Publication

EU – Ukraine: Visa facilitation for Ukrainians? A long-standing hoax

During the Cold War, citizens of the Soviet Union were not allowed to travel freely to Western European countries. Their freedom of movement was practically non-existent outside the USSR and its satellite countries.

With the fall of the Wall and the enlargement of the European Union, the citizens of a number of former Soviet Republics which have become independent are again experiencing restrictions of their freedom of movement. However, this time, the blame has not to be put on their governments but on the European Union and its member states. Ukraine is one of the victims of the new geopolitical situation in Europe.

In the last few years, EU officials have regularly announced that although Ukraine could not envisage to join the EU in the near future, the granting of visas to Ukrainian students, businessmen and scholars would be facilitated. Nothing is so far from reality. A concrete example.

In the last three years, our NGO Human Rights Without Frontiers Int’l has been helping a law professor from the South of Ukraine to go to several EU member states to prepare her Ph D and has had to cope every time with the same hurdle race. NOTHING has changed in the life of that professor to come and study the law systems of some EU member states. Year after year, the same papers have been requested from her as from any other Ukrainian citizen. Contacts with embassies of EU member states are only possible on the basis of an appointment. Most embassies are only accessible on the phone one hour per day during the working hours of the applicant. Calling embassies for an appointment is a nightmare as their single available line is always busy, of course. Dialing the number of the embassy every minute has proved to be unsuccessful for days and days, if not for one or two weeks. The website of an embassy even mentions phone numbers that are all outdated and it is only through the Ukrainian Ministry for Foreign Affairs that a valid phone number could be obtained.

HDIM.NGO/142/07

26 September 2007

Once all the requested papers (invitation, employer’s authorization, medical insurance, sometimes a bank statement about the amount available on the applicant’s bank account!, etc.) have been gathered and an appointment has been fixed, that professor must ask his employer for a day off, buy a ticket for a night train (the only one) to go to Kiev (a 9 hours’ journey to cover about 400 km!), queue outside the embassy whatever the weather starting two hours before the opening time, accept to be submitted to a bureaucratic inquisitive and humiliating ‘interview’, pay an exorbitant fee (according to Ukrainian standards) for the visa application, spend a whole day (and money) in Kiev (a very expensive city) before getting a night train back home and go back to work on the next day (after two almost sleepless nights). And the same scenario is repeated several weeks later if the application has been accepted.

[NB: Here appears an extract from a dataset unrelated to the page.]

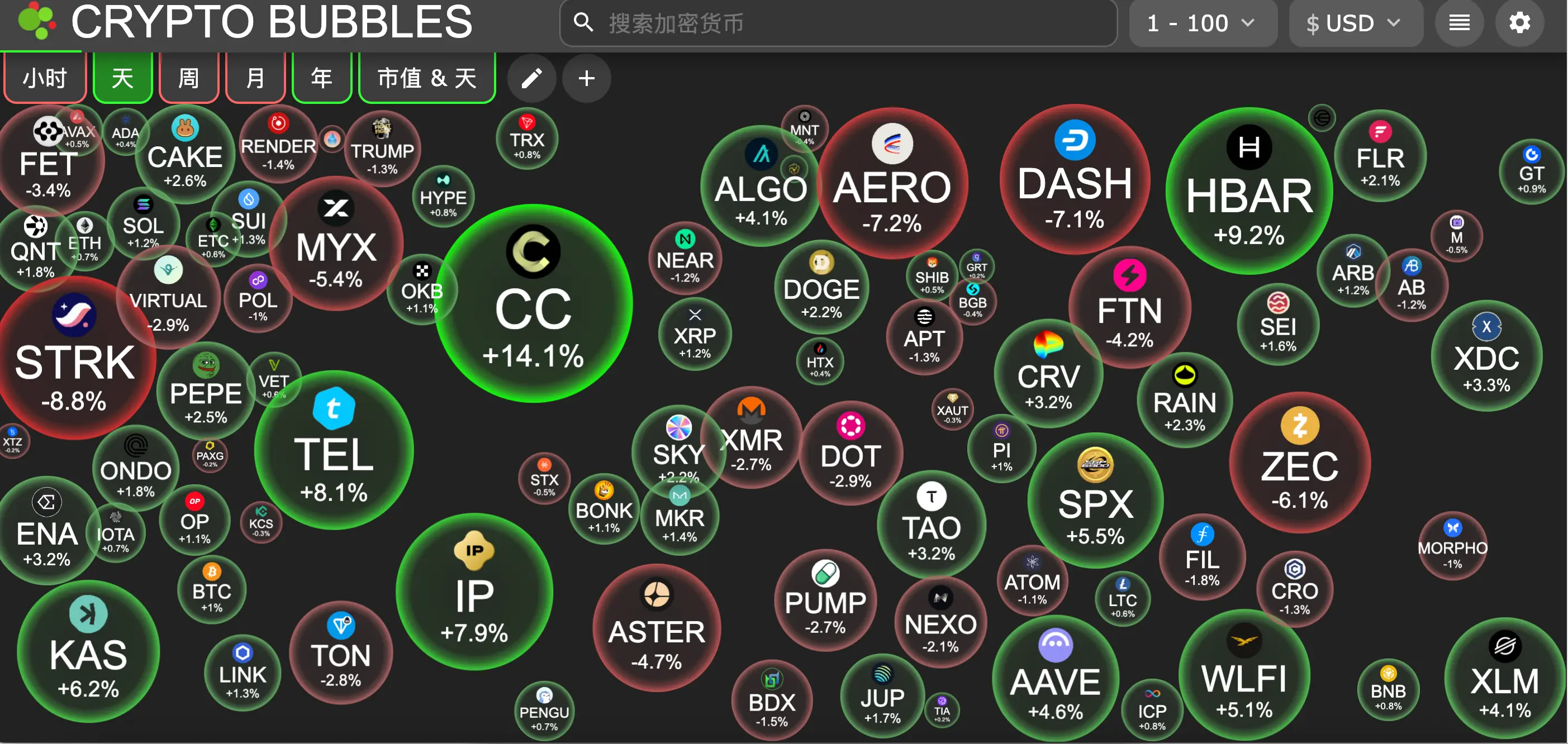 Biến động lớn nhất trong 100 đồng tiền hàng đầu hôm nay: Starknet giảm 8.8%, Aerodrome Finance giảm 7.2%, Dash giảm 7.1%, Zcash giảm 6.1%, MYX Finance giảm 5.4%.

With the enlargement of the EU, the freedom of movement of the Ukrainian citizens, including the academics, has been restricted year after year despite the European Neighborhood Policy. The last blow is the enlargement of the Schengen space to Poland. From the first of January 2008, Ukrainians will have to pay 35 EUR for a visa to Poland (the average retirement pension is 50 EUR in Ukraine). Would a retired European citizen accept to pay 2/3 of his monthly income just to be allowed to go to a neighboring country he had been able to visit freely for more than 50 years?

Is that visa facilitation? Is that the way the EU wants to promote its image among the Ukrainian population and help them integrate the European culture? Is that the way the EU wants to contribute to better relations and reconciliation between Ukraine and Poland, two countries which have experienced so many conflicts in their history? Is that the way the EU and its member states want to contribute to the development of the economy, the good governance, the rule of law of Ukraine.

Recommendations

HRWH Int’l recommends to the EU and its member states:

– to drastically simplify the procedure of access to Schengen visas for Ukrainian businessmen, scholars and students, and to grant them free of charge;

– to allow applicants for visas to introduce their requests through any embassy or consulate of an EU member state across the country, to be interviewed by any of them and to receive their visa from any of them free of charge.